Page MenuHomeSoftware Heritage

Add get_storage_pipeline utility function for more readable configurations.
ClosedPublic

Authored by vlorentz on Nov 14 2019, 2:19 PM.

Details

Summary

This would allow writing configurations like:

storage:
  cls: pipeline
  steps:
    - cls: filter
    - cls: buffer
    - cls: remote
      url: http://swh-storage:5002/

or

storage:
  cls: filter
  storage:
    cls: buffer
    storage:
      cls: remote
      url: http://swh-storage:5002/

instead of:

storage:
  cls: filter
  args:
    storage:
      cls: buffer
      args:
        storage:
          cls: remote
          args:
            url: http://swh-storage:5002/

(example from D2275)

I think I gives more readable configs, but on the other hand it adds
more code to maintain. So I'm not sure if this is a good idea.

Comments welcome.

Diff Detail

Repository
rDSTO Storage manager
Branch
get_storage_pipeline
Lint
No Linters Available
Unit
No Unit Test Coverage
Build Status
Buildable 9110
Build 13321: tox-on-jenkinsJenkins
Build 13320: arc lint + arc unit

Event Timeline

I like the way that looks.

I guess the lowest friction way of wiring this up to the rest of our infra would be adding a 'pipeline' class to STORAGE_IMPLEMENTATION, which would make the top-level config look like

storage:
  cls: pipeline
  args:
    steps:
    - filter
    - buffer
    - cls: remote
      args:
        url: http://foo/

Which is a bit less terse, but has the advantage of being fully backwards-compatible.

What do you mean by "backwards-compatible"? get_storage_pipeline accepts a superset of get_storage's syntax.

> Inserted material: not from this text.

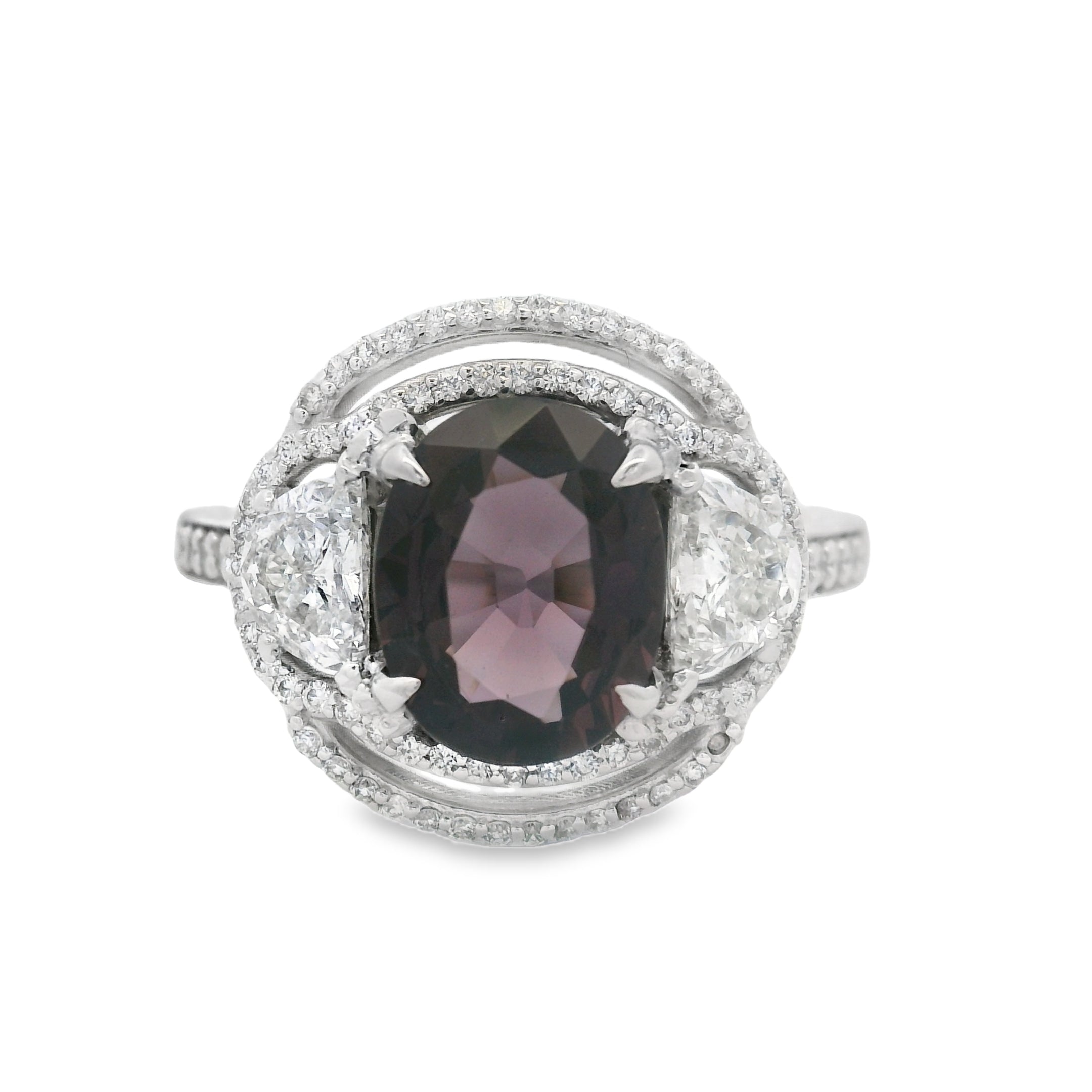Discover the allure of this stunning spinel ring, featuring a captivating central gemstone surrounded by sparkling diamonds. Crafted with precision, this piece is perfect for those who appreciate the finer things in life. Elevate your jewelry collection with this exquisite ring that promises to turn heads.

I'm ok with either syntax though.

I'm not convinced this really is a good idea, it makes it difficult to document. Why not just replace get_xxx(cls, args): by get_xxx(cls, **args), then we can write this yaml as (with a little bit of manipulation on the yaml->arguments transformation):

storage:
  - filter
  - storage:
    - buffer
    - storage:
      - remote
      - url: http://swh-storage:5002/

or (with no under-the-carpet transformation):

storage:
  cls:filter
  storage:
    cls: buffer
    storage:
      cls: remote
      url: http://swh-storage:5002/

which looks a reasonable compromise between specific argument manipulation and yaml readability.

vlorentz edited the summary of this revision. (Show Details)

! In D2276#53517, @douardda wrote:
I'm not convinced this really is a good idea, it makes it difficult to document. Why not just replace get_xxx(cls, args): by get_xxx(cls, **args), then we can write this yaml as (with a little bit of manipulation on the yaml->arguments transformation):

storage:
  - filter
  - storage:
    - buffer
    - storage:
      - remote
      - url: http://swh-storage:5002/

I don't like this, notably for what is going to happen for classes with several arguments. Do I need to add a dash or not?

or (with no under-the-carpet transformation):

storage:
  cls:filter
  storage:
    cls: buffer
    storage:
      cls: remote
      url: http://swh-storage:5002/

which looks a reasonable compromise between specific argument manipulation and yaml readability.

I agree that we should make the **args implicit. We can even do it in a backwards compatible way by checking for args['args'] at the beginning of get_storage.

I still think there's *also* value in the pipeline proposal.

@douardda Your first proposition is essentially moving to positional arguments, which is step backward.

The second one looks indeed like a good compromise between code readability and config readability.

In D2276#53524, @olasd wrote:

I still think there's *also* value in the pipeline proposal.

By combining the two proposals, you can remove the special casing for strings in the pipeline steps and get to:

storage:
  cls: pipeline
  steps:
  - cls: filter
  - cls: buffer
  - cls: remote
    url: http://foo/

Which looks pretty neat, and fairly simple to understand/document to me

vlorentz edited the summary of this revision. (Show Details)

improve example in commit message

vlorentz edited the summary of this revision. (Show Details)

fix example in commit message

ardumont added a subscriber: ardumont.

And now we need to align this in other modules ;)

Thanks.

This revision is now accepted and ready to land.Nov 15 2019, 10:29 AM
This revision was landed with ongoing or failed builds.Nov 19 2019, 4:17 AM
This revision was automatically updated to reflect the committed changes.